BEGIN

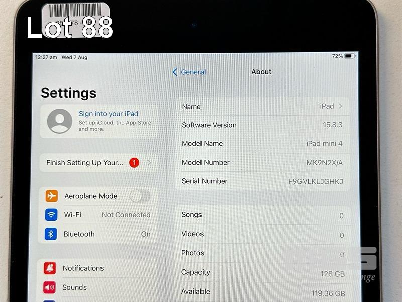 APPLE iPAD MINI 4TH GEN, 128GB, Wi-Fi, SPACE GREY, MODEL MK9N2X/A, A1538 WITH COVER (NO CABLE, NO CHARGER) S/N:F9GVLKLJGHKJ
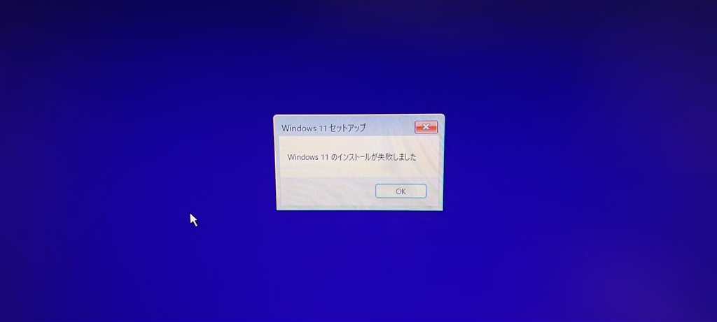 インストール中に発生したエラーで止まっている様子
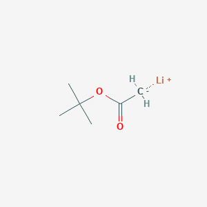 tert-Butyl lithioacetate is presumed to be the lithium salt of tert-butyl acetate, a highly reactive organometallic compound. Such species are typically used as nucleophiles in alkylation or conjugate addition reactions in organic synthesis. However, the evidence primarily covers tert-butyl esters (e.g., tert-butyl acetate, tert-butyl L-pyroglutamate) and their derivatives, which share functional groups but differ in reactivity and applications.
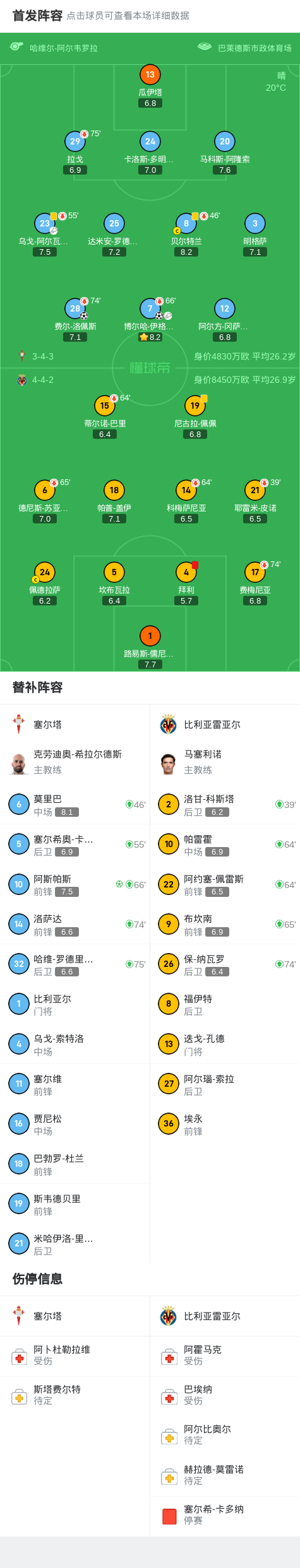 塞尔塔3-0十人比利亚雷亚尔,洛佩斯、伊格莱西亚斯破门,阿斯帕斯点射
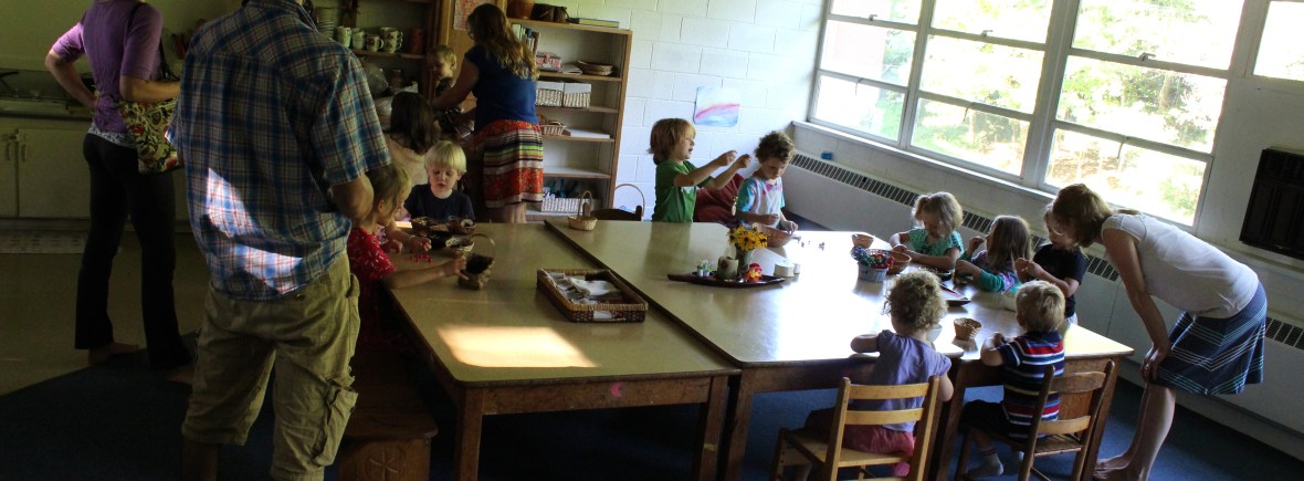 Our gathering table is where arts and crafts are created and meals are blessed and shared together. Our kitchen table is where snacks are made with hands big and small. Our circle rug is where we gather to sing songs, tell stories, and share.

END
BEGIN

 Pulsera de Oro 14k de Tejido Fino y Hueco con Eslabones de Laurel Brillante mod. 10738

END

▸ TASK ITEM
Starting at the line above that holds "APPLE iPAD MINI", repeat every line exactly down to and including the line that holds "Our gathering table", then stop. Do not carry over any pictures.

▸ FINISHED EXERCISE
 APPLE iPAD MINI 4TH GEN, 128GB, Wi-Fi, SPACE GREY, MODEL MK9N2X/A, A1538 WITH COVER (NO CABLE, NO CHARGER) S/N:F9GVLKLJGHKJ
 インストール中に発生したエラーで止まっている様子
 tert-Butyl lithioacetate is presumed to be the lithium salt of tert-butyl acetate, a highly reactive organometallic compound. Such species are typically used as nucleophiles in alkylation or conjugate addition reactions in organic synthesis. However, the evidence primarily covers tert-butyl esters (e.g., tert-butyl acetate, tert-butyl L-pyroglutamate) and their derivatives, which share functional groups but differ in reactivity and applications.
 塞尔塔3-0十人比利亚雷亚尔,洛佩斯、伊格莱西亚斯破门,阿斯帕斯点射
 Our gathering table is where arts and crafts are created and meals are blessed and shared together. Our kitchen table is where snacks are made with hands big and small. Our circle rug is where we gather to sing songs, tell stories, and share.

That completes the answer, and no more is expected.